Well he did sing a new song at a recent gig but it got booed ! To be fair I think he knows hes a bit naff. Pretty sure he had the suit on the Shirley wore the night before too


----------



## Lanny (Oct 9, 2022)

Well, well, well! I’ll say everybody shone last night & really made a good night of it! 

Clearly split into two camps, though, on the leaderboard: the technically brilliant & the entertaining; I went down on the side of entertainment as the dances I LOVED the most were Tony Adams Samba & Jayde Adams Cha Cha! 

Tyler was definitely the best on the night & his Charleston was WONDERFUL as was Kim’s; also, doing the Charleston! And I really enjoyed Molly’s beautiful Waltz, made me tear up, & Ellie Simmonds quickstep was so good too! 

Hamza was back to ballroom, ALMOST as it’s so slow, with the Rumba & came back from last week’s Jive that just wasn’t him! I DID NOT THINK that the Rumba & the theme from Jurassic Park would work but, it DID: quite well, actually; forgotten how slow it is that perfectly encapsulates the awe & wonder everybody felt at the time! The film characters were awed by the dinosaurs & we the audience were awed when we REALLY saw for the first time WHAT digital special effects can do! 

BUT, Tony Adams throwing caution to the winds, complexly giving it up on the dance floor with pure abandonment doing the Samba, made the roof come off when he started stripping to Hot Chocolate You Sexy Thing from The Full Monty was THE dance of the night, for me! Although, Jayde Adams Cha Cha to close the show to What a Feeling from Flashdance was pretty wonderfully entreating as well! 

Katya Jones even took Tony’s hat off & he’s standing there in his socks & shoes with a glittery pair of hot pink long boxers on! 

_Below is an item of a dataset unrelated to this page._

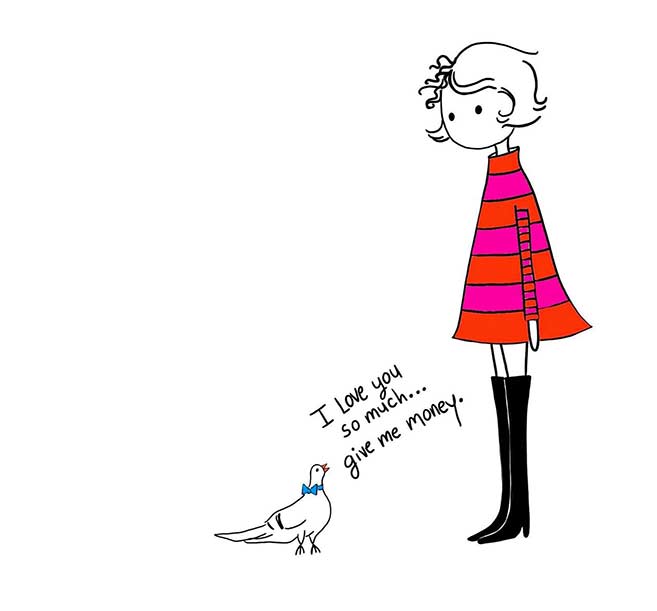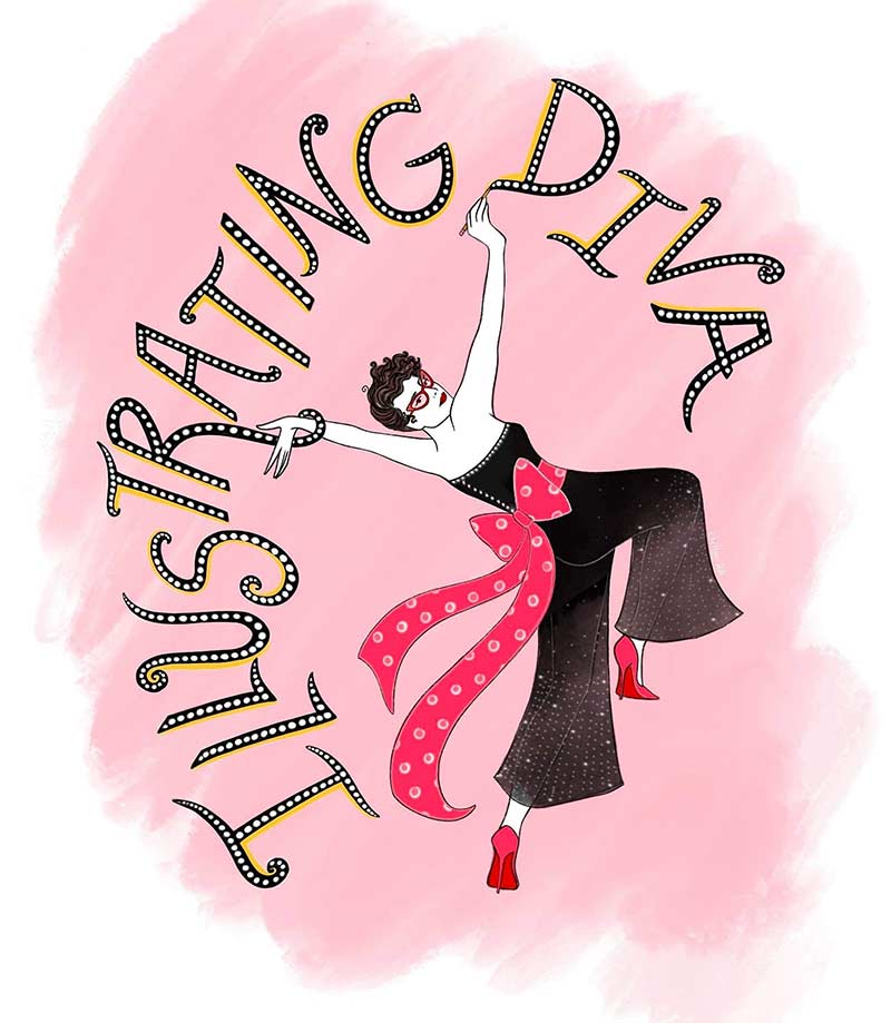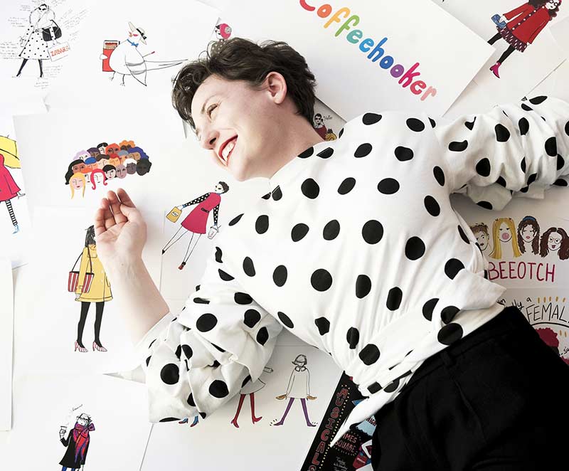 I’m a self-proclaimed Coffeehooker (a name I trademarked) who loves all things relating to music, humor, and glamour. I make illustrations that celebrate my favorite performers, that reflect my life experiences, and that play with fashion and humor. I like to say my personal style is a cross between Chanel and a clown. I look like what I draw. My illustrations are a visual extension of myself.

I couldn’t stay awake last night to watch it live & caught on iPlayer, just now, & missed the vote but, ALL 3 would have gone quite unashamedly to Tony Adams for sheer entertainment: only Ed Balls did it better, in my eyes, with his Gangnam Style Salsa!


----------



## Lanny (Oct 9, 2022)

Oh! Yay! Been checking every week & FINALLY Strictly series 20 is on iTunes so, bought the series pass: I always do ever since series 14 when it’s been available on iTunes; I just rewatch, like Death In Paradise, over & over again when I want to feel happy!  My favourite EVER celeb on strictly is STILL Debbie McGee in series 15! I CANNOT tell you how many times I’ve rewatched her dances that series?


----------



## everydayupsanddowns (Oct 9, 2022)

Movie week is always one of my favourite weeks.


----------



## Lanny (Oct 15, 2022)

WOW, WOW, WOW!!!    It was amazing tonight where Craig put it best when he said “What is going on tonight? Did everyone take a magic dance pill?” Everybody, & I DO mean everybody stepped up big time & danced their socks off!

Ellie Simmonds started off with a brilliant salsa & Oh my! Those lifts & that somersault overhead in Nikita’s arms! 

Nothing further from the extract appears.